Investigating the Modality Gap in Multimodal Large Language Models
This thesis involves investigating modality gap in MLLMs over a chosen multimodal task.
Requirements
- M.Sc. in Machine Learning, Data Science, Computer Science, Mathematics, Telecommunications, or similar
- Knowledge of Python, with a focus on deep learning frameworks, particularly PyTorch
- Software development skills
- Basic concepts of image processing, natural language processing
- Basic concepts of data science, concerning data analysis, processing and machine learning
- Basic concepts of linear algebra and statistics
Description
Multimodal Large Language Models (MLLMs) extend traditional Large Language Models (LLMs) by enabling generative and reasoning tasks that require multimodal inputs, such as multimodal classification and Vision–Question Answering (VQA). These models are typically built by integrating three components: a modality encoder that converts non-textual inputs (e.g., images) into token representations, a large language model that generates textual outputs, and a connector module that aligns the two modalities.

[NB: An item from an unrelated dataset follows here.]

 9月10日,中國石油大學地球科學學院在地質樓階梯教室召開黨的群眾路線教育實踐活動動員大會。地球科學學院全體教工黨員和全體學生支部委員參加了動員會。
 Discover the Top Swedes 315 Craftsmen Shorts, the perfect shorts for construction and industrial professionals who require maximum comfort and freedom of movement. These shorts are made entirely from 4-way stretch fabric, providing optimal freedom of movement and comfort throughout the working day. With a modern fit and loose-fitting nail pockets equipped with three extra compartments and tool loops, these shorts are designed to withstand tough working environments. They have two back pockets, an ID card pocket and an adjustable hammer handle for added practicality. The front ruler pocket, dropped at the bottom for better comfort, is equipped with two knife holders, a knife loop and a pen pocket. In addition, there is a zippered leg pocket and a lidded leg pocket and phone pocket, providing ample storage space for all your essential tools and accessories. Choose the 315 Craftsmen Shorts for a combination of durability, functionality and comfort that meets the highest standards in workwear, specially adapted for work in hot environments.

Despite this modular architecture, effectively bridging different modalities remains challenging. Similar to CLIP-like models, MLLMs may exhibit a modality gap, referring to semantic misalignment between visual and textual representations. While prior work has shown that reducing this gap improves zero-shot classification and cross-modal retrieval, its impact on Multimodal Large Language Models—particularly in image-to-text integration—remains largely unexplored.
The objective of this thesis is to investigate whether and how the modality gap affects the performance of MLLMs when integrating visual and textual modalities, and to analyze its role in limiting model capabilities across downstream tasks.

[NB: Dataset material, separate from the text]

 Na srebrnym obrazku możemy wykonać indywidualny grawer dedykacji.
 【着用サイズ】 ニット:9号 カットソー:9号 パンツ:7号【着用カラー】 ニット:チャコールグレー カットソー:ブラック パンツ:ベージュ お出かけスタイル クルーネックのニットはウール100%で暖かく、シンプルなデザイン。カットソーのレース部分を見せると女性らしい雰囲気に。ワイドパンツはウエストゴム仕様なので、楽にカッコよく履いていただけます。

The main activities of the thesis include:
- Reviewing existing literature on Multimodal Large Language Models, with a focus on architectures such as LLaVA and Qwen2.5-VL.
- Identifying a target task or application domain for evaluating MLLMs.
- Collecting and analyzing relevant datasets to study the presence and characteristics of the modality gap in MLLMs.
- Applying and evaluating techniques aimed at mitigating identified challenges, including modality gap reduction strategies.
- Analyzing, visualizing, and summarizing experimental results.